After a national security meeting convened by President François Hollande in Paris, Bernard Cazeneuve, France’s interior minister, said Mr. Abdeslam would have to face a French court. Mr. Cazeneuve called Mr. Abdeslam’s arrest a “major blow” to the Islamic State group in Europe, but warned that the threat of new attacks remained “extremely high.”
“The government is determined to bring everything to light,” Mr. Cazeneuve said. “This is an important blow against the Daesh terrorist organization in Europe,” he added, using an Arab term for the Islamic State group, which is also known as ISIS or ISIL. Belgium’s prime minister, Charles Michel, also said that “the fight is not over,” and the Belgian government announced that the nation’s terrorism alert level would remain unchanged at three on a four-point scale.
On Saturday, the Belgian federal prosecutor’s office announced that an investigating judge had issued an arrest warrant against Mr. Abdeslam and that he had been charged with “participation in terrorist murder and participation in the activities of a terrorist organization.” A Belgian federal prosecutor, Eric Van der Sypt, said that with an arrest warrant, Mr. Abdeslam would have to appear before a pretrial court, which will decide whether he stays in jail for up to an additional month.

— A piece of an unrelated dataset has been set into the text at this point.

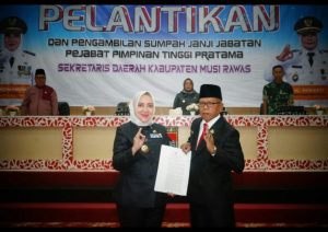 Di hadiri langsung Bupati Mura, Hj Ratna Machmud yang sekaligus melantik dan pengambil sumpah/janji Sekda Kabupaten Musi Rawas,tampak hari juga Wakil Bupati (Wabup) Mura, Hj Suwarti, Staf Ahli Gubernur Sumatera Selatan, Ketua TP PKK Musi Rawas H. Riza Novianto Gustam, Forkopimda, Sekda Musi Rawas, Staf ahli dan asisten, Kepala OPD lingkungan Pemkab Musi Rawas dan tamu undangan lainya.

A man using the pseudonyms Monir Ahmed Alaaj and Amine Choukry, who was also wounded by police on Friday and is believed to be Mr. Abdeslam’s accomplice, was served an arrest warrant on the same charges, the federal prosecutor’s office said.
A third man, identified only as Abid A., was charged with “participation in the activities of a terrorist organization and hiding of criminals.” A member of that man’s family, which is suspected of having sheltered Mr. Abdeslam, was charged with hiding criminals but was not detained. Another relative was released without charges.